Steinmeier begeistert

An einem der vorderen Biertische sitzt Joseph Adlhoch. Von Regenstauf ist er hergekommen, mit ihm insgesamt 50 andere Mitglieder des SPD-Ortsvereins. Der 81-Jährige ist einer der unerschütterlichen bayerischen Sozialdemokraten, der sich von keiner der schier endlosen Serie von Wahlpleiten hat vertreiben lassen. In seinem Ortsverein zählt sein Wort bis heute. Sein Urteil über Steinmeier: "Der kann's." Adlhoch sagt das aber nicht nur so einfach, er greift sich an sein Hemd und sagt nach der Steinmeier-Rede mit einer Mischung aus Begeisterung und Rührung: "Das ist mir richtig ans Herz gegangen."

Steinmeier begeistert seine Zuhörer, indem er sich ein Stück neu erfindet. Weg vom staatstragenden Minister, als der er sich als Außenminister bei seinem ersten Auftritt im bayerischen Wahlkampf vor wenigen Wochen präsentiert hatte. Jetzt zeigt er den Wahlkämpfer: In seine sonst sonore Stimme kann er Leidenschaft packen, seine seriösen Ausführungen ersetzt er durch Frechheit. "Nicht mal der Tisch, auf den sie angeblich gehauen haben, hat eine Delle. Ich habe nämlich nachgeguckt, da war nichts zu sehen", sagt Steinmeier zu der von Erwin Huber und Günther Beckstein beschworenen Durchsetzungskraft der CSU bei Bundeskanzlerin Angela Merkel.

Fulminanter Empfang

Steinmeier hat sich offensichtlich mit der Lage in Bayern intensiv beschäftigt. Er schmeichelt den Regensburgern. Er lobt Maget über den grünen Klee. Und er teilt immer wieder gegen die CSU aus. Er könne sich gut vorstellen, dass "der Edmund Stoiber in die Tischkante beißt und zum Himmel fleht, Herrgott, lasst mich selbst wieder ran". Klatschnass geschwitzt ist Steinmeiers weißes Hemd am Ende seiner kämpferischen Rede, die nicht nur die SPD-Anhänger, sondern auch viele vom "normalen" Publikum bejubeln - und die Steinmeier am Ende in der Aussicht auf einen Regierungswechsel im CSU-Land gipfeln lässt: "Liebe Leute, das sind vielleicht Zeiten, ich sage euch, Wendezeiten in Bayern."

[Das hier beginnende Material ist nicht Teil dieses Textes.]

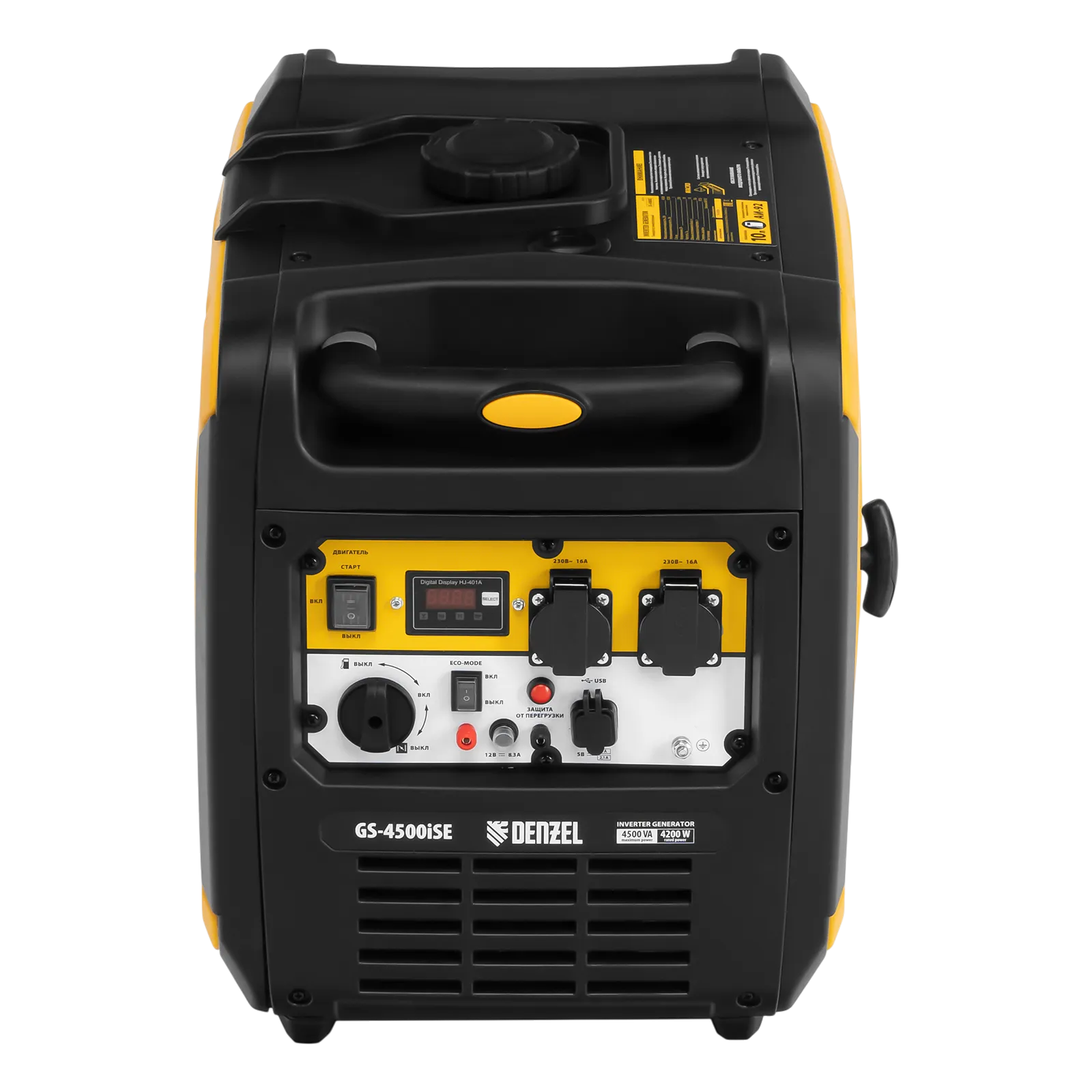 Инверторный генератор Denzel GS-4500iSE 94714 мощностью 4,5 кВт оснащен электростартером и поддерживает напряжение 230 В. Используется в качестве автономного источника электроэнергии для бытовой техники, электроинструмента, осветительных приборов, незаменим в загородном доме. Для подключения потребителей предусмотрено 2 розетки переменного тока 230 В/16 А. Клеммы постоянного тока 12 В позволяют заряжать автомобильные аккумуляторы, а выход USB 5 В — мобильные устройства. Генератор обеспечивает подачу электроэнергии высокого качества и оптимален для подключения чувствительных приборов: газовых котлов, цифровых устройств, серверов и т.д.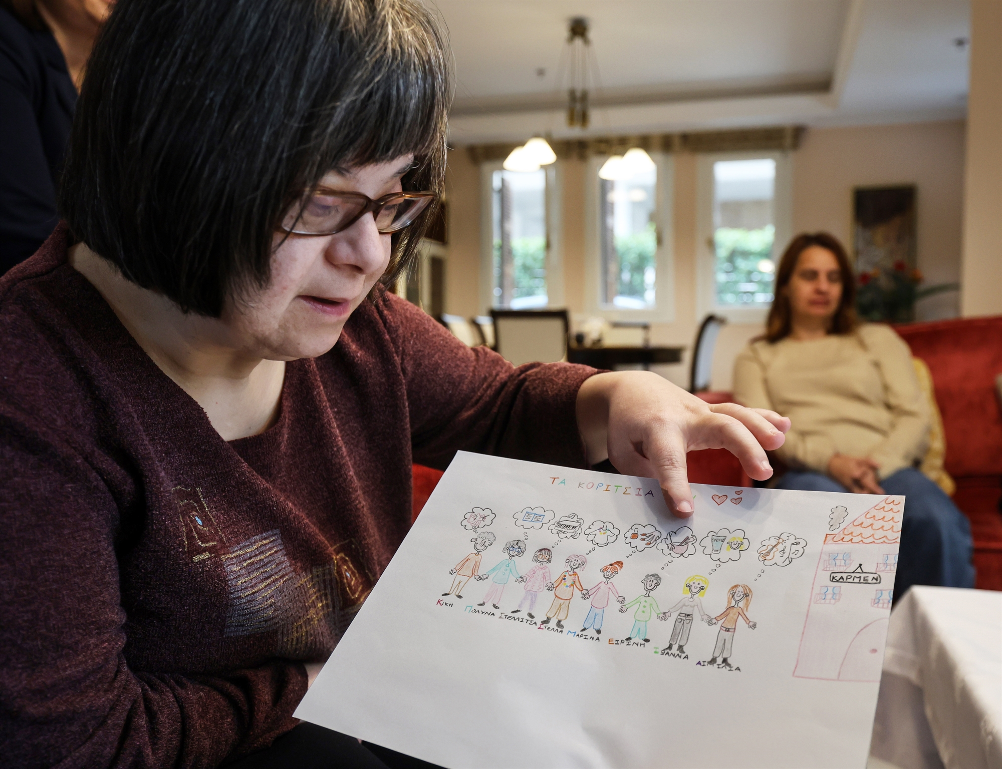 «Η αναλογία των ωφελουμένων με το προσωπικό υποστήριξης είναι τέσσερα προς ένα, επομένως δύο κυρίες βρίσκονται πάντα μαζί τους· όχι γιατί χρειάζονται φροντίδα –μια χαρά τα καταφέρνουν σε όλα– αλλά για υποστήριξη», εξηγεί στην «Κ» η κλινική ψυχολόγος Μαίρη Τσαμέτη, υπεύθυνη των Στεγών. «Τα απογεύματα έρχονται και οι λεγόμενοι εμψυχωτές: ψυχολόγοι, εργοθεραπευτές, λογοθεραπευτές, μουσικοί και άλλοι. Πρέπει να τονίσω ότι τα κορίτσια δεν βρίσκονται εδώ επειδή δεν έχουν οικογένειες, κάθε άλλο. Διατηρούν στενούς δεσμούς και σχεδόν καθημερινή επικοινωνία με τους συγγενείς τους. Συνήθως τα Σαββατοκύριακα τα περνούν στο πατρικό τους. Ομως, το σπίτι τους είναι αυτό και το νιώθουν βαθιά».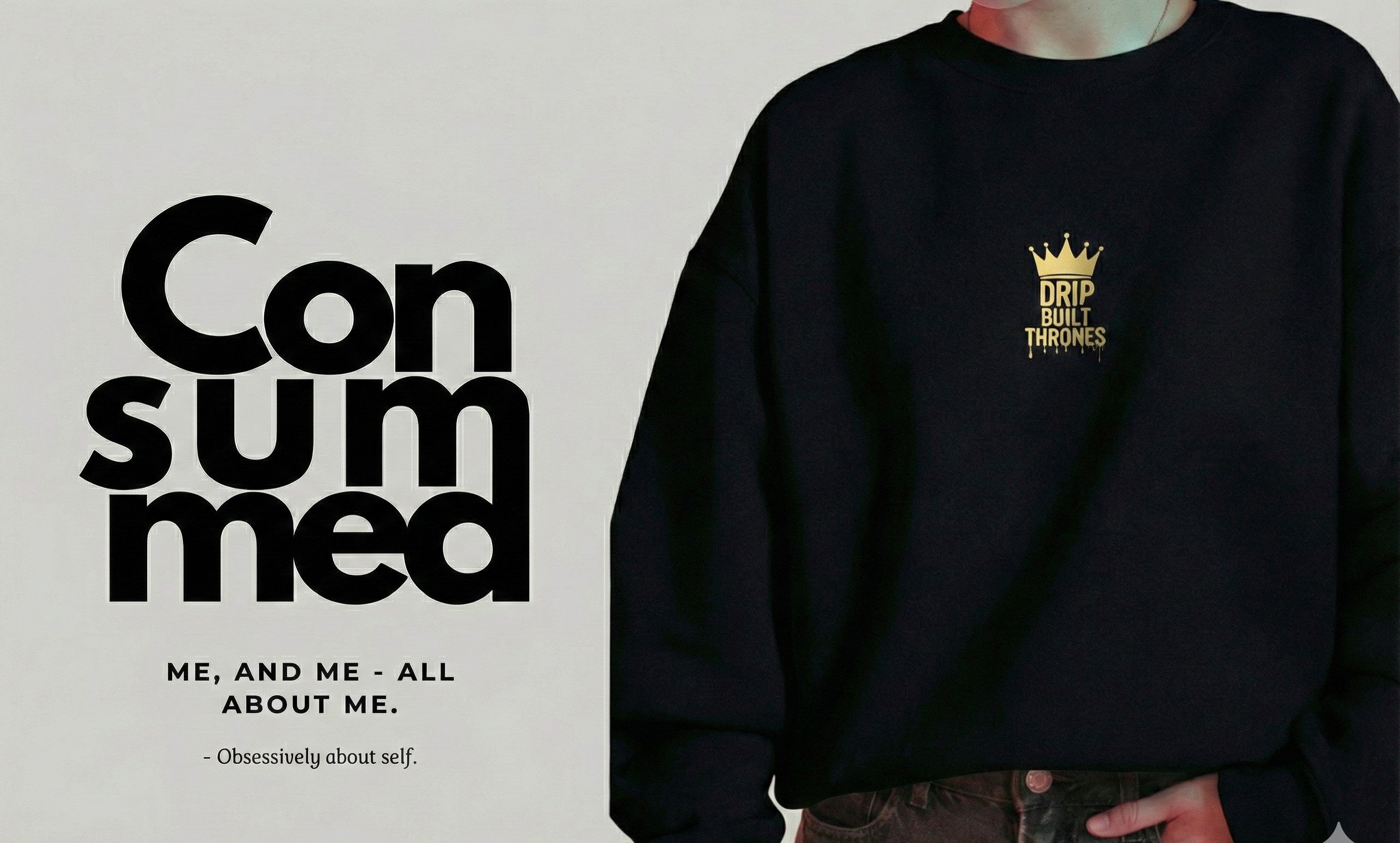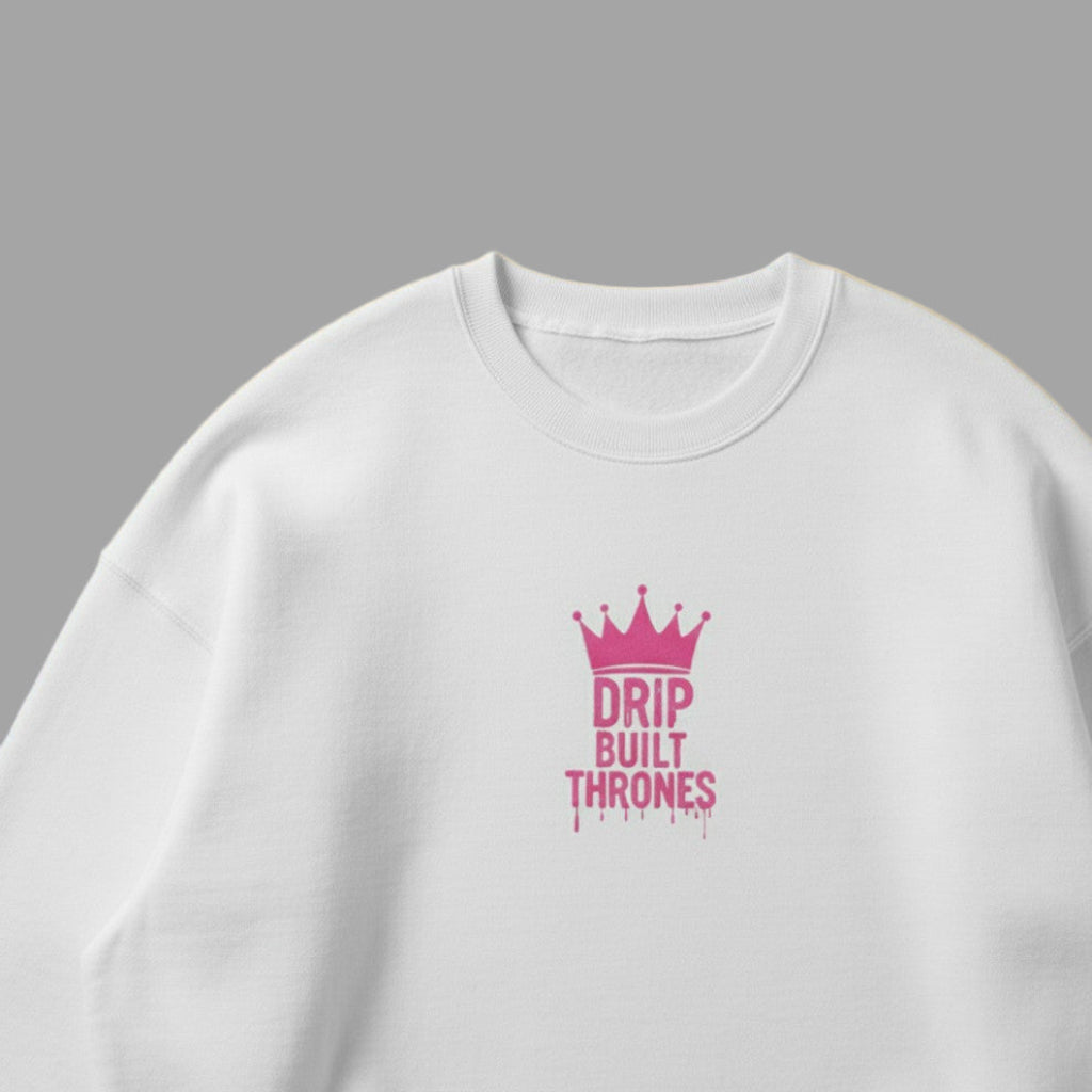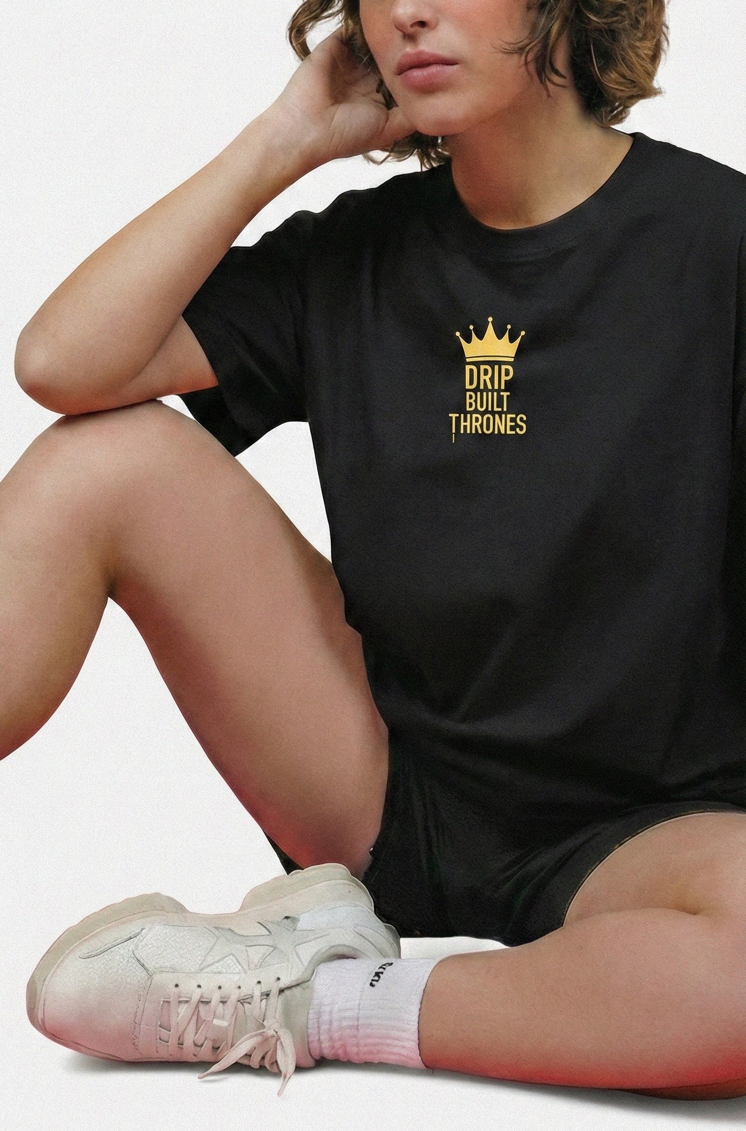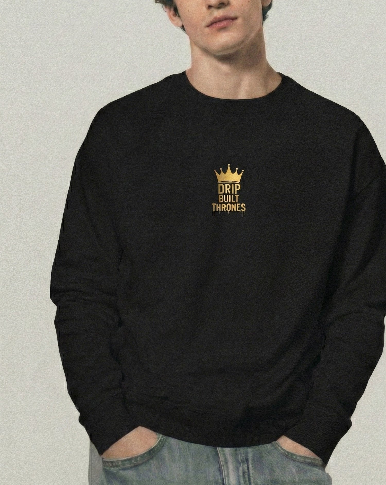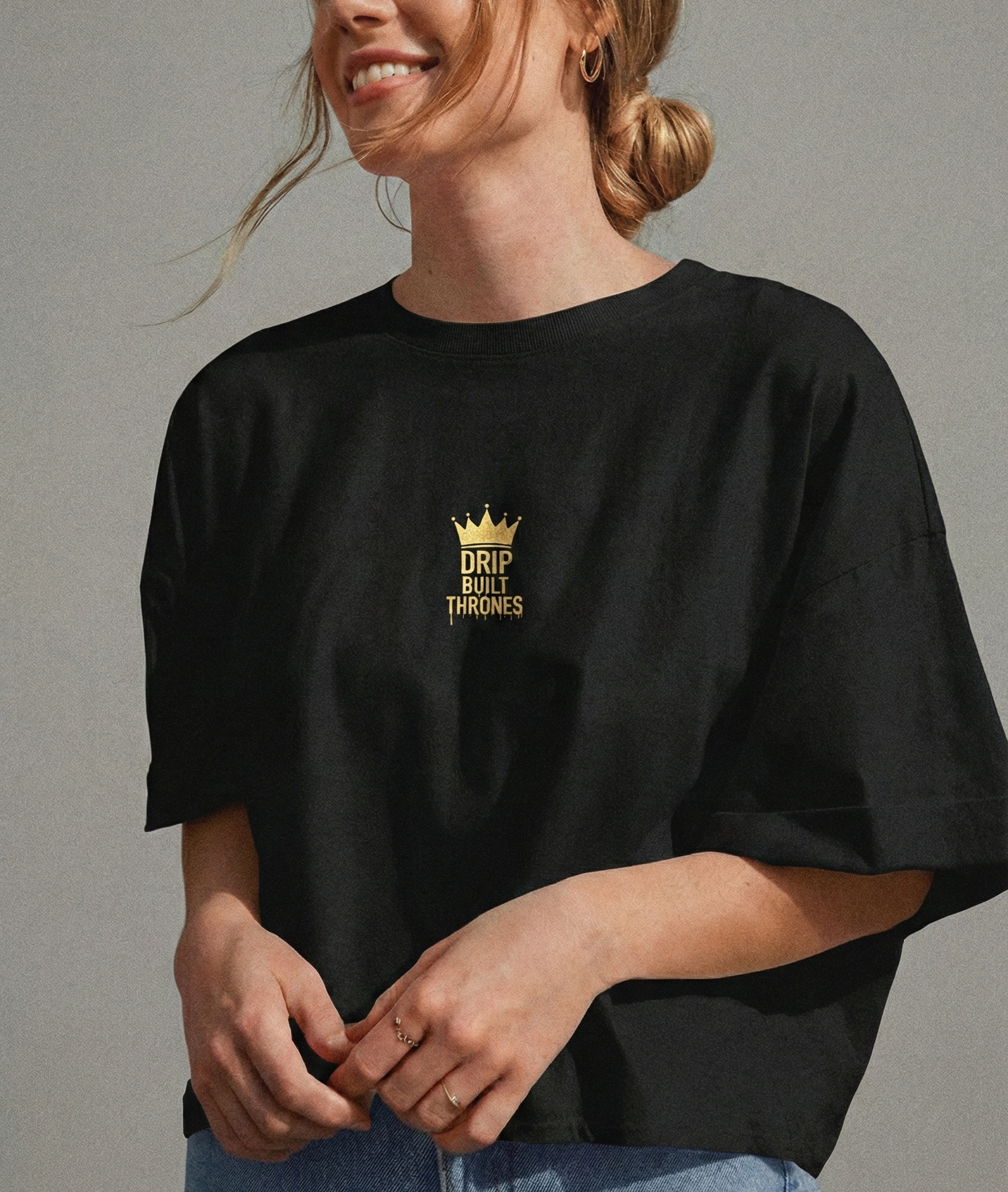"a minimalist sub macro branding of drip built thrones with 4x5 cm size specification for our custom un-inspired apparels."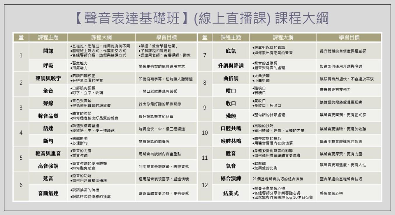 特別整理出來,設計成一套完整的帶狀課程,引導學員認識自己的聲音、演練每一個技巧,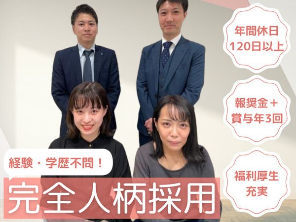 応募資格 \ 人柄重視の採用です! / ※飲食/アパレル/運送/ホテル/サービス業など様々な前職経験を持つ先輩が活躍中✨ 【歓迎スキル・経験】 ◇ 学歴不問 ◇ 未経験・第二新卒歓迎※20代・30代活躍中! ◇ 業界問わず営業経験をお持ちの方 ◇ 接客・販売業務の経験をお持ちの方 ◇ 不動産業界の経験をお持ちの方ももちろん歓迎しています♪ ◇ 基本的なPCスキルをお持ちの方 ◆ 人と関わることが好きな方 ◆ フレッシュな精神で学べる方 ◆ コミュニケーション力を活かしたい方 ◆ 不動産のことをいろいろ学んでみたい方 【応募必須条件】 ◇普通自動車免許(AT限定可) 年齢制限:35歳以下の方 〖例外事由3号のイ・長期勤続によるキャリア形成のため〗

Die Christsozialen dürften nach diesem fulminanten Empfang für Steinmeier und Maget, der als Herausforderer Becksteins ebenfalls lauten Jubel bekommt, noch nachdenklicher werden. Trotz der groß angekündigten, angeblich größten Mobilisierungskampagne der CSU-Geschichte bleibt der Zulauf zu vielen CSU-Wahlveranstaltungen dürftig. Ebenfalls in Regensburg musste erst vor wenigen Tagen Horst Seehofer, der als Meister des Bierzelts gilt, eine herbe Schlappe hinnehmen. Nicht, dass Seehofer als Redner versagte - der für ihn angemietete Saal war aber nicht mal zur Hälfte gefüllt. "Ja, die müssen sich jetzt auch strecken", spottet in Regensburg eine selbstbewusste SPD-Mitarbeiterin.